The State Department’s Directorate of Defense Trade Controls (“DDTC”) released today a final rule making it easier to transfer technical data under a technical assistance agreement (“TAA”) to third-country nationals, i.e., nationals of countries other than the country specifically authorized under a TAA. Under current procedures, if a U.S. company enters into a TAA permitting the transfer of technical data on a defense article to a company in France, that technical data can’t be transferred to anyone other than a French national unless the approved TAA provides for such transfer and the non-French national signs a nondisclosure agreement.
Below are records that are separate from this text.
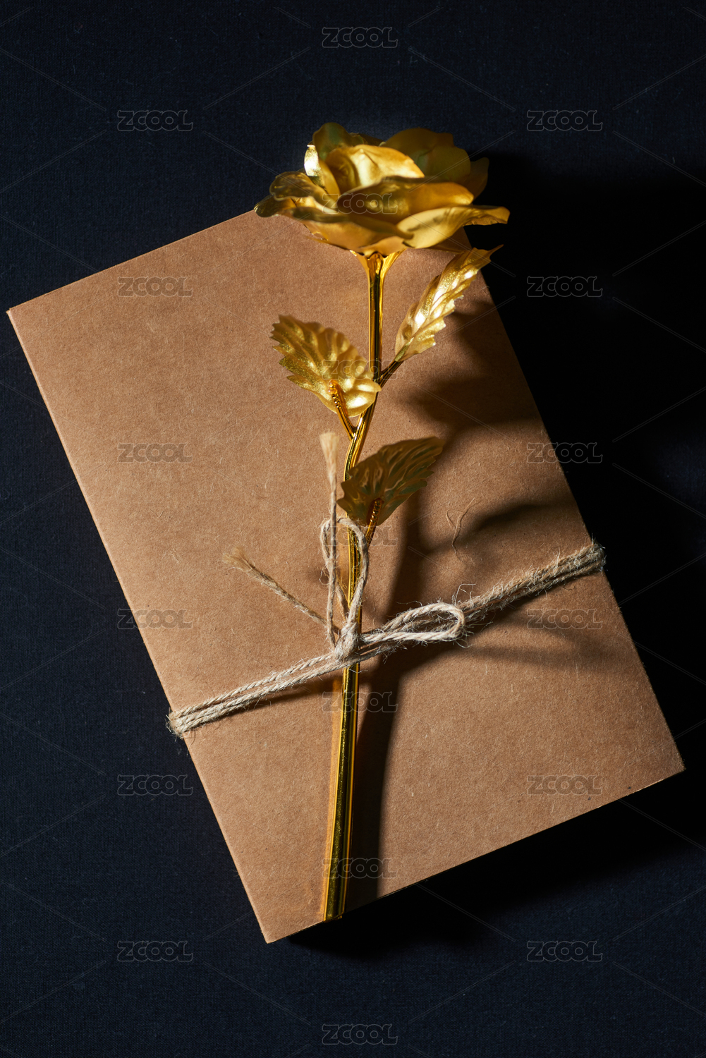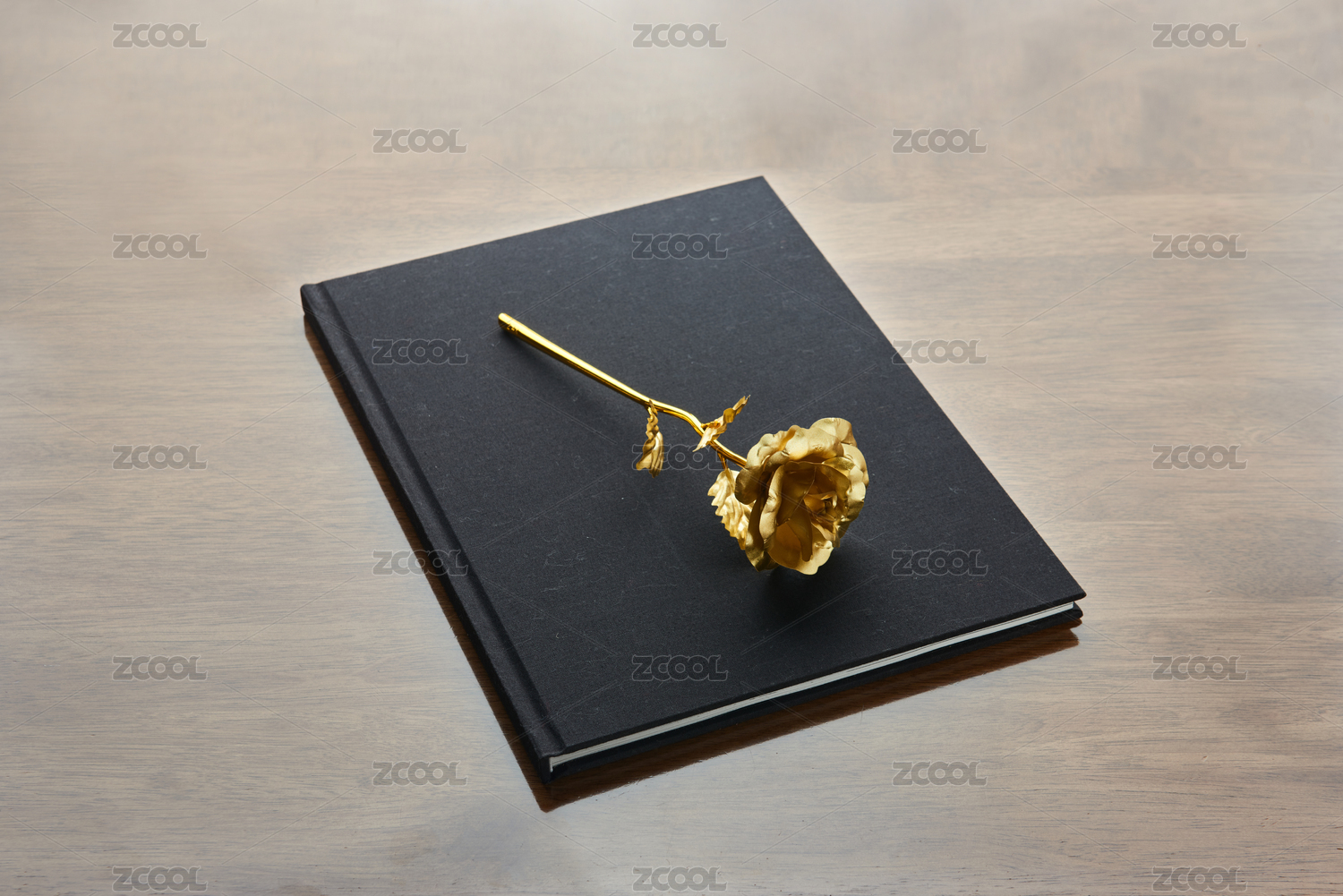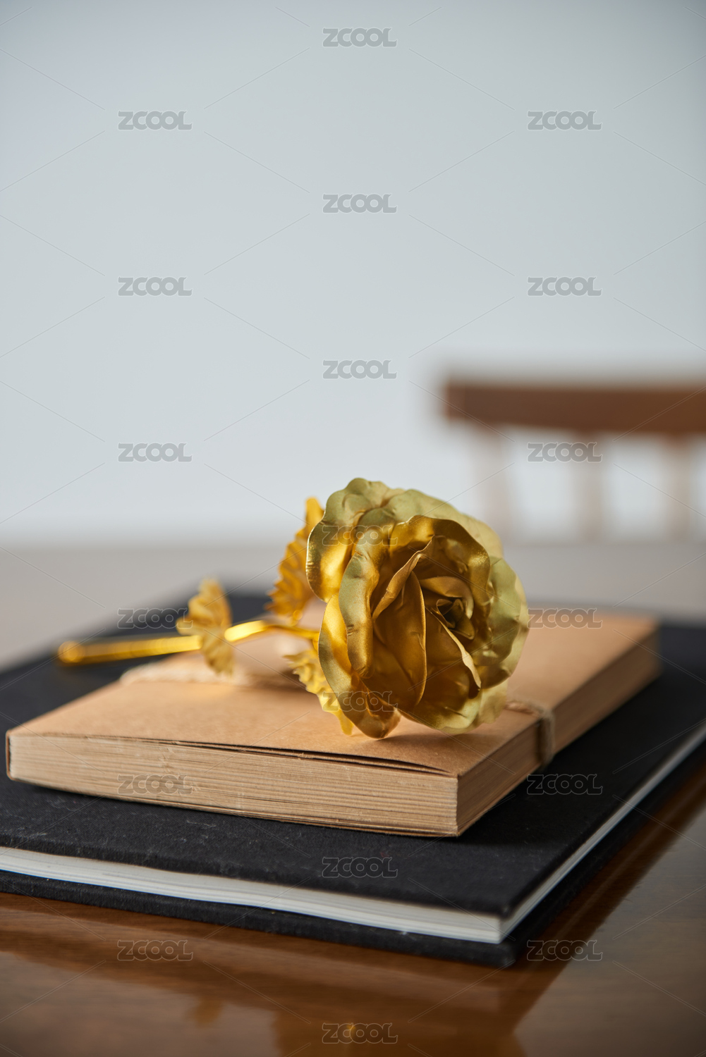 精裝書和一支綻放的鍍金玫瑰花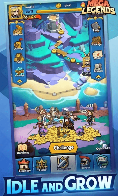mega legends是一个放置类的角色扮演手游,玩家招募各种各样的英雄,加入你的队伍,开始冒险之旅.不断地挑战强大的敌人,不同英雄之间的羁绊和搭配,让自己立于不败之地,将胜负一手掌握.
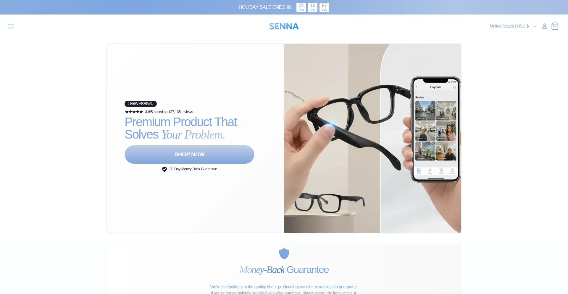 Our analyzer determines that website trysenna.store is using Shopify CMS. Shopify is a popular e-commerce platform, powering around 4.4% of websites globally.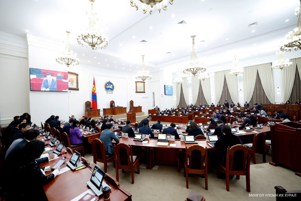 Улсын Их Хурлын 2024 оны намрын ээлжит чуулганы өнөөдрийн (2024.12.13) нэгдсэн хуралдаан 10 цаг 05 минутад гишүүдийн 52.4 хувийн ирцтэй эхэлж, Улс төрийн намын тухай хууль /Шинэчилсэн найруулга/-ийг дагаж мөрдөх журмын тухай хуульд өөрчлөлт оруулах тухай хуулийн төслийн эцсийн хэлэлцүүлгийг хийж, эцэслэн баталлаа.
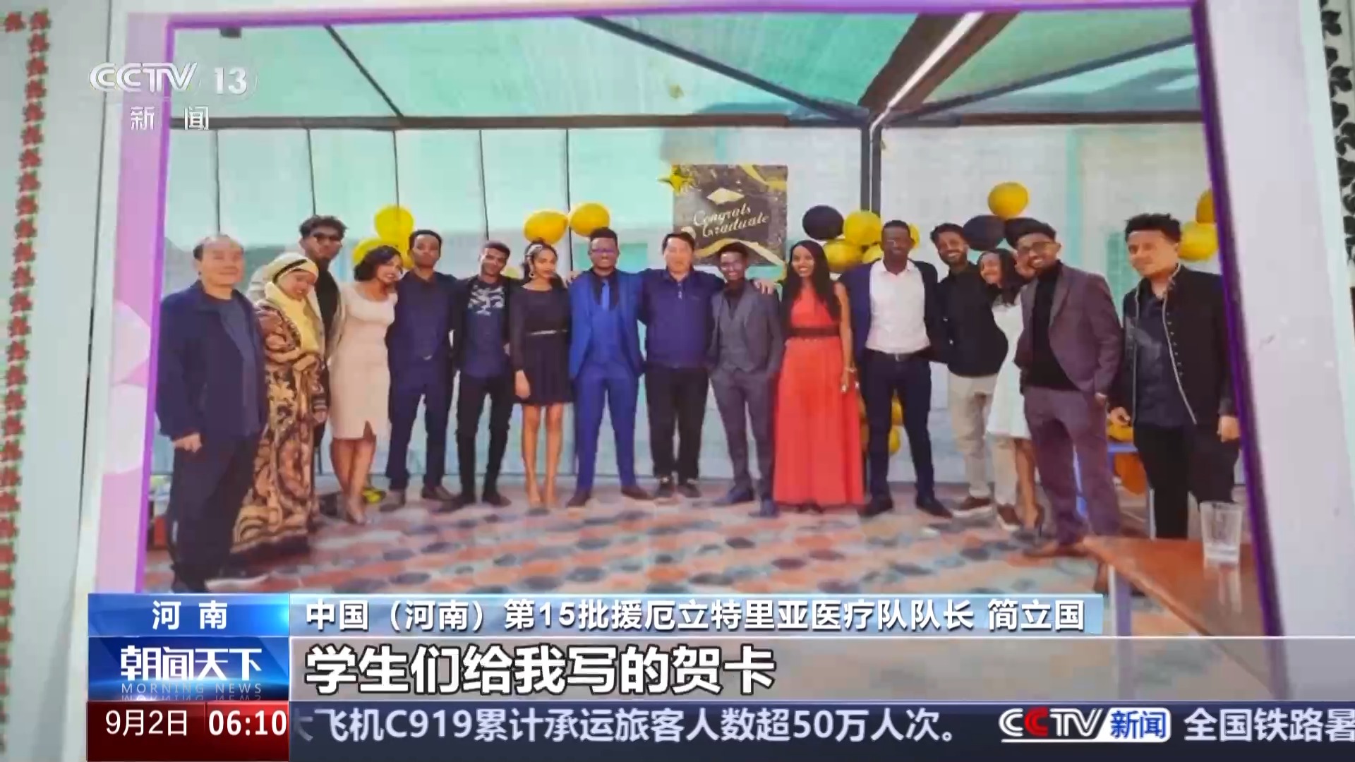 中國(guó)(河南)第15批援厄立特里亞醫(yī)療隊(duì)隊(duì)長(zhǎng) 簡(jiǎn)立國(guó):這是我們醫(yī)療隊(duì)培養(yǎng)的16名醫(yī)學(xué)生,他們現(xiàn)在都成為厄立特里亞的中堅(jiān)力量了。學(xué)生們給我寫的賀卡也是中厄友誼的見(jiàn)證。

Under the new rules, technical data can be transferred to a third-country national without specific authorization and a nondisclosure agreement if four conditions are met. First, the third-country national must be a national “exclusively” of a NATO country, a European Union country, Australia, Japan, New Zealand, or Switzerland. Second, the third-country national’s employer must have either signed the TAA or a nondisclosure agreement. Third, the transfer must take place within the United States or the countries listed in the first condition. Finally, the transmittal letter for the TAA must explicitly state that permission is requested to make transfers to third-country nationals under these new provisions.
In its discussion of the new rules, DDTC restates its controversial position that a person may be a third-country national not only because of dual citizenship but also because of country of birth:
In addition to citizenship, DDTC considers country of birth a factor in determining nationality.
How the DDTC applies these factors is not clear from this statement. In theory, a French citizen born of French parents temporarily in Iran might be deemed Iranian. Or an individual born in Iran of Iranian parents that became a French citizen might still be considered an Iranian even if that individual has not retained dual citizenship.
Admittedly application of the rule in the first example is more controversial than in the second example. Still even the second example involves a double standard that rankles our allies. If an Iranian is made a permanent resident in the United States, he or she is treated the same as a U.S. citizen for deemed export purposes, whereas an Iranian naturalized by France is still treated as an Iranian.